Although significant efforts have been made to improve the access performance of MTDs, how to optimally tune the backoff parameters of each device to maximize the access efficiency has remained largely unknown. The challenge originates from the lack of proper modeling of the random access process of LTE networks. Existing models either exclude the device-level input parameters by ignoring the queueing behavior of each MTD, or become unscalable in the massive access scenarios, neither of which can facilitate the optimization of access performance of massive MTDs. As we pointed out in [Dai'12] and [Dai'13], a random-access network can be regarded as a multi-queue-single-server system, and the key to performance analysis lies in proper characterization of the service time distribution, which is difficult to obtain with either each node's queue completely ignored or interactions among nodes' queues taken into full consideration. To reduce the modeling complexity, we demonstrated in [Dai'12] and [Dai'13] that a scalable node-centric model can be established by treating each node's queue as an independent queueing system with identically distributed service time, which consists of two parts: 1) state characterization of each individual head-of-line (HOL) packet; and 2) characterization of network steady-state points based on the fixed-point equations of limiting probability of successful transmission of HOL packets. The proposed modeling methodology has been successfully applied to WiFi networks, and shown to be accurate. In most scenarios, the network steady-state points can be obtained as explicit functions of key system parameters such as the number of nodes and the backoff window size/transmission probability of each node, based on which the optimal network performance can further be characterized.

The above model, however, cannot be directly applied to M2M communications in LTE networks. Specifically, a basic assumption of the aforementioned studies is that each single packet in nodes' queues has to contend for channel access. In LTE networks, however, a connection would first be established between a device and the BS before the device starts to transmit its data packets. That is, each device with data packets to transmit first sends a connection request to the BS, and if a device's request is successfully received, then the BS will allocate resource blocks for the device to clear its data queue. We can see that the connection-based random access adopted in the LTE networks differs from the conventional packet-based random access in that the data packets do not contend for the channel individually, which calls for new scalable node-centric models.

In this paper, we propose a new analytical framework for optimizing the access efficiency of M2M communications in LTE networks. Specifically, to capture the key feature of connection-based random access process, a novel double-queue model is established, where each MTD has one request queue and one data queue, and only the request queue is involved in the contention. By characterizing the state transition of each access request, the network steady-state points are obtained as the non-zero roots of the single fixed-point equation of the limiting probability of successful transmission of access requests. The complexity is independent of the number of MTDs even with the queueing behavior of each MTD taken into consideration, which is highly attractive in the massive access scenario.

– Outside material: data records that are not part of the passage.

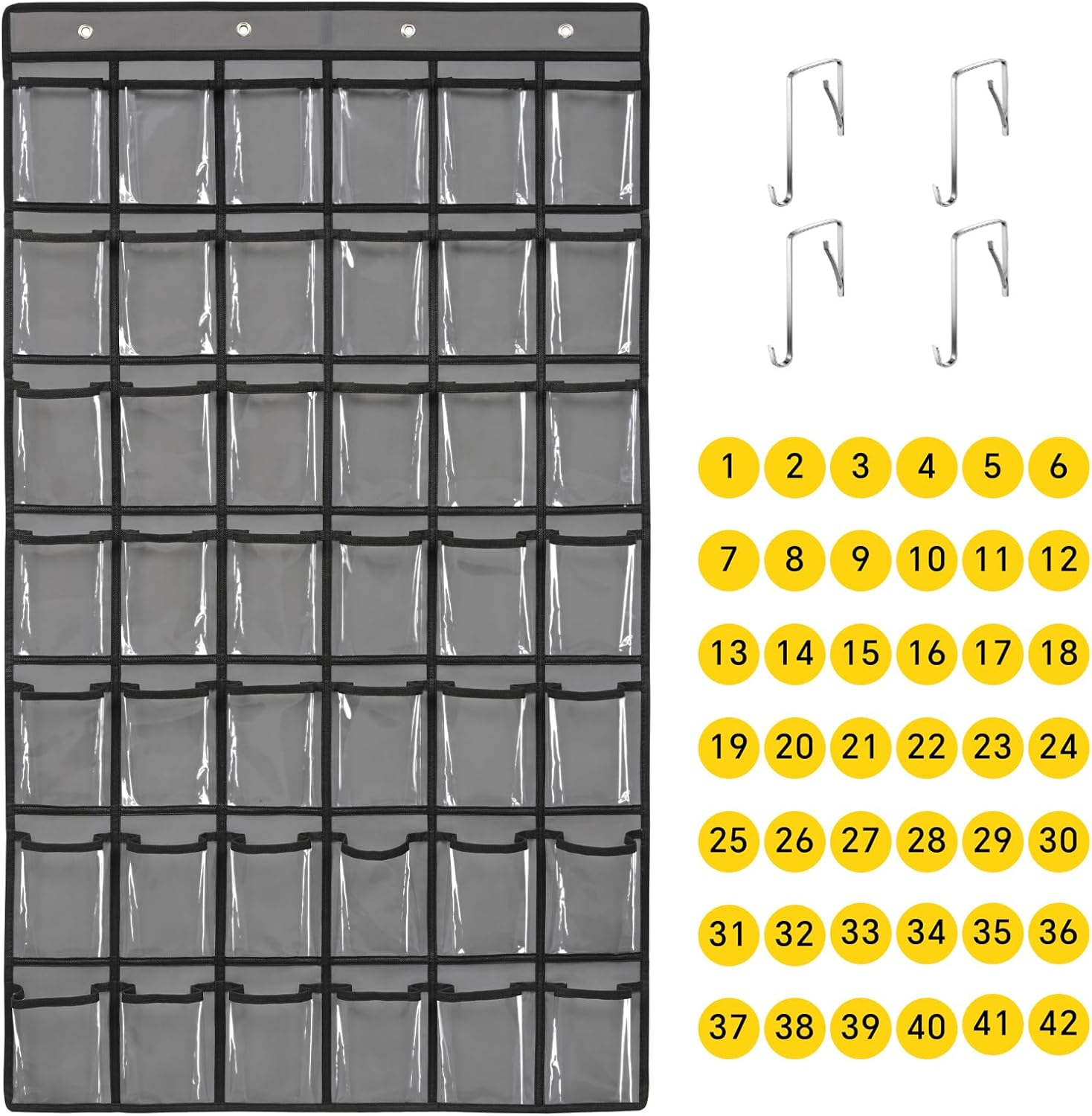 - 🍀【1-42 free number stickers】There are 42 free number stickers for the clear hanging pocket organizers. Each pocket has a number, helps you find your cell phone quickly, save your time.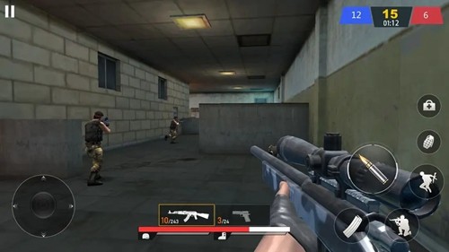 1、战术走位与掩体利用:第一视角滑动瞄准,点击屏幕射击,遇敌人火力压制时躲入掩体,通过探头射击减少暴露面积,寻找反击时机。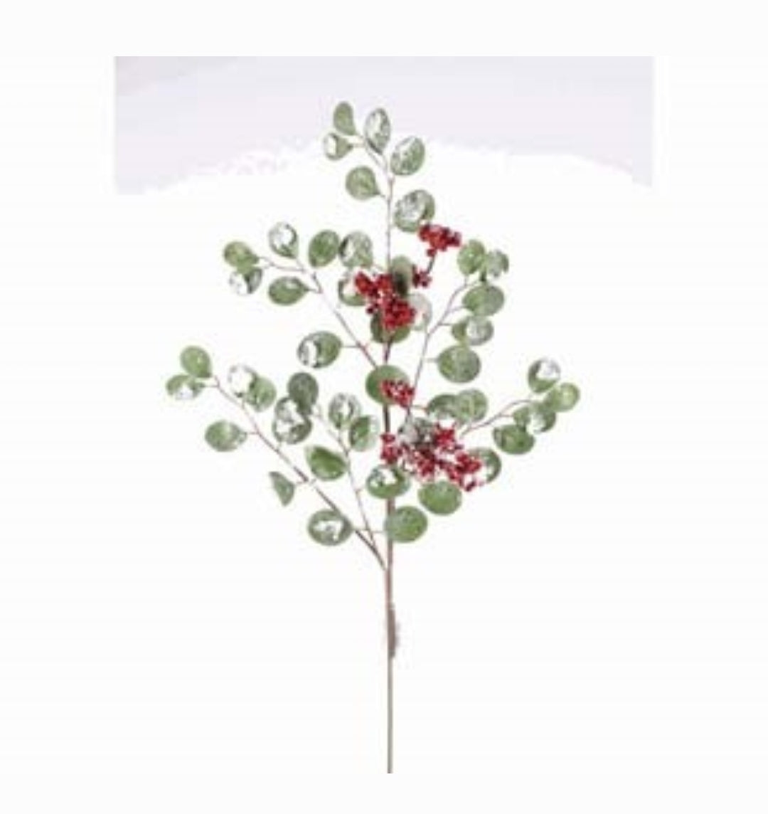 Rama artificial de hojas tipo eucalipto con frutillas rojas de apariencia nevada. 30" de largo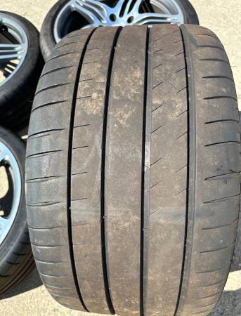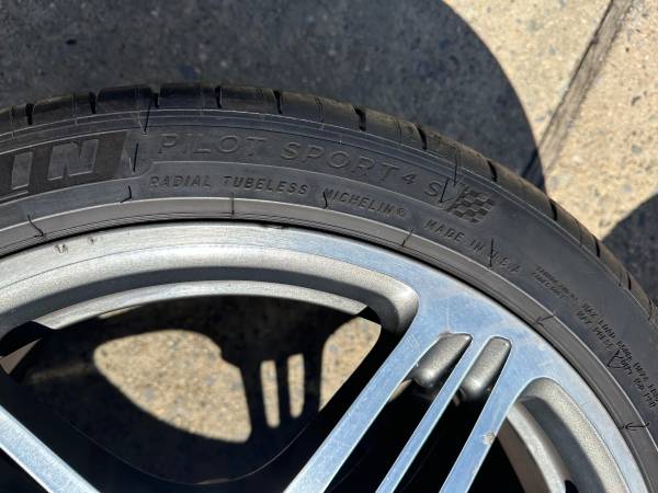 Rear Wheel: Size: 19x11, Offset: 51mm. Rear Tire Size: 305/30/19" - Michelin Pilot Sport 4s. Both tires have 70% tread left to use. Part number: 99736216202
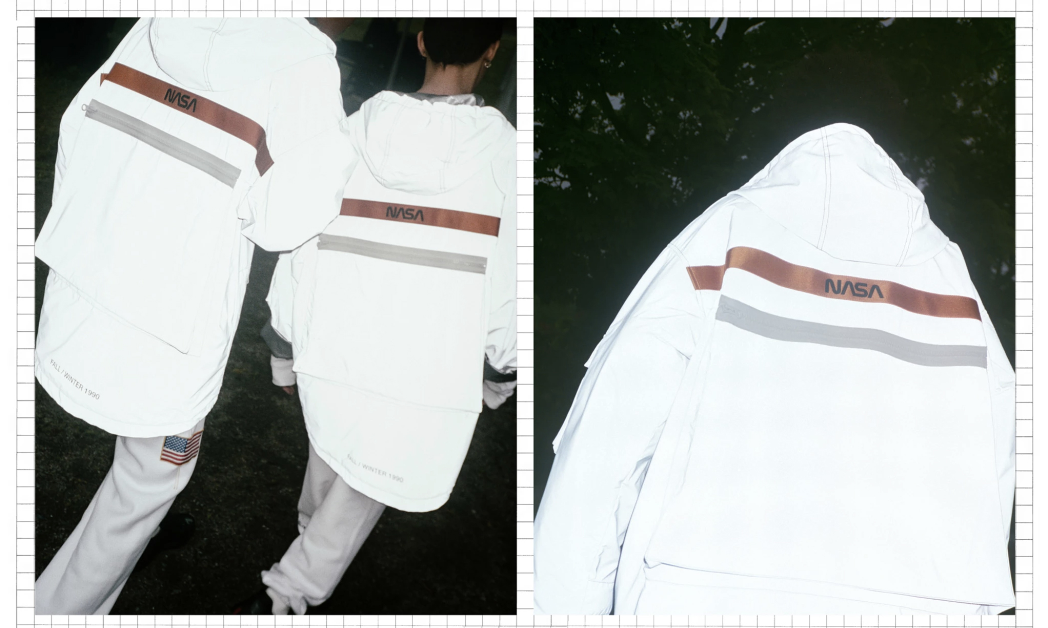 第三,在时尚圈,“未来主义” 即便不是最大的趋势,也是隔三岔五就会被提及的主题,不管是从设计本身出发追求极致未来的视觉效果,还是和代表着未来科技、探索精神的 NASA 进行直接合作,都是诠释这种未来主义的体现。而对于更加日常化的街头设计来说,用 NASA 元素和制服语言搭建出的未来主义,既直接明了又接地气。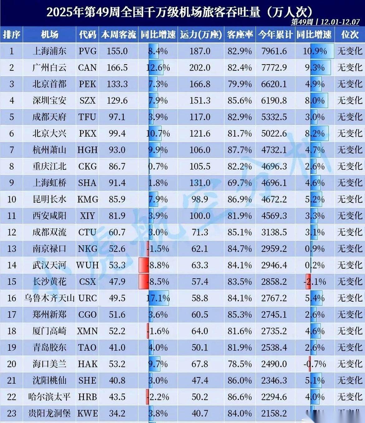 昆明长水,今年破5000万的目标,眼瞅着又悬了。 就差最后三周,一年一度的机场“大考”进入冲刺阶段,简直比看球还刺激。 北上广那几个大佬,基本是神仙打架,早就锁定胜局了。上海浦东下周就破8000万,广州也稳稳跟上,北京首都也重回7000万俱乐部。人家那是另一个维度的故事,我们看看就好。 真正的好戏,全在5000万这个档口。 杭州今年是真争气,一只脚已经迈进去了,肉眼可见的稳。 最猛的是上海虹桥,跟打了鸡血似的,疯狂加运力,硬生生把量给堆上来了,眼看下周就要把重庆给超了。 最揪心的就是重庆。本来唾手可得的荣誉,现在被后面的人追得冷汗直流,最后这二十几天,一口气都不能松。 唉,说回昆明。 从2017年就开始盼,年年盼,年年就差那么一口气。你说气不气? 今年估计也就定格在4950万了,又是一个无限接近的数字。 不过话说回来,一座常住人口不到千万的城市,能做到这个份上,真的,已经是个不大不小的奇迹了。 差的那50万,不是遗憾,是明年再出发的念想。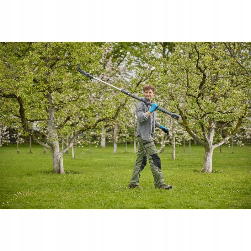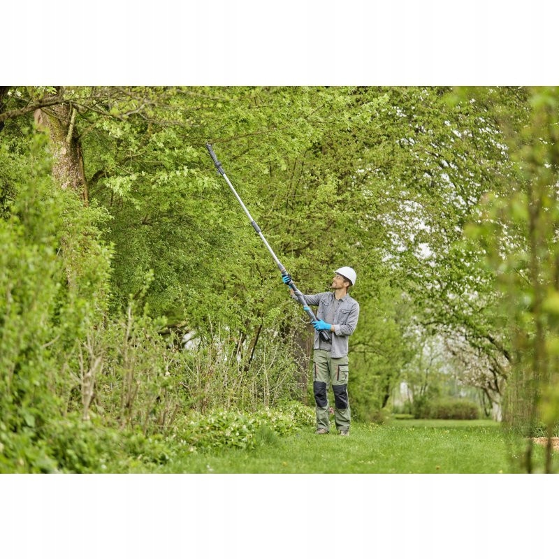 Батарея телескопические телескопические ножницы для высокой высоты ветви P4a с высокой высотой. После скольжения телескопического вала ножницы для ветвей достигают длины 3,6 м, а это означает разрезание ветви на высоте до 5 м. Практическая телескопическая функция позволяет гибко адаптировать инструмент к условиям. Highcut может быть удобно транспортироваться и хранить благодаря двумместному валу. Мощность для всей батареи делает разрез простым, без большого спроса на энергию. Оригинальные лопасти Gardena, произведенные в Германии с закаленной сталью, обеспечивают чистую, гладкую режущую форму свежих ветвей диаметром до 28 мм. Они покрыты нежичным покрытием и точно заземленным, благодаря тому, что режущие ветви не прилипают к лезвию. Стройная, вращающаяся резкая головка позволяет разрезку ветви под углом 60 градусов. Кроме того, голова, установленная под углом, обеспечивает хорошее поле зрения. В случае, если ветвь остается на дереве, ее можно удалить с крючком, расположенным в конце вала. Светодиодный индикатор на эргономической ручке показывает состояние заряда аккумулятора. Заряженной до полной батареи достаточно для 400 порезов. Батарея Gardena Teks Телескопические ножницы для филиалов Highcut 360/18V P4A - набор содержит быстрое зарядное устройство и мощность 18 В для всей батареи. Power For All Alliance является одним из крупнейших стратегических союзников ведущих производителей аккумуляторов. Аккумулятор из этой серии может использоваться во многих различных домашних и садовых устройствах. Таким образом, вы экономите деньги и сохраняете полную гибкость! Чтобы получить 3-летнюю гарантию на телескопические ножницы для батареи для филиалов, достаточно простой онлайн-регистрации. Гарден - страсть ведет нас. Одна батарея для всех садовых задач.

To evaluate the access efficiency, the network throughput is further characterized, and optimized by properly choosing the backoff parameters including the Access Class Barring (ACB) factor and the Uniform Backoff (UB) window size. The analysis reveals that the maximum network throughput is solely determined by the number of preambles, and can be achieved by either tuning the ACB factor or the UB window size based on statistical information such as the traffic input rate of each MTD. Simulation results corroborate that with the optimal tuning of backoff parameters, the network throughput can remain at the highest level regardless of how many MTDs in the network, and is robust against feedback errors of the traffic input rate and burstiness of data arrivals.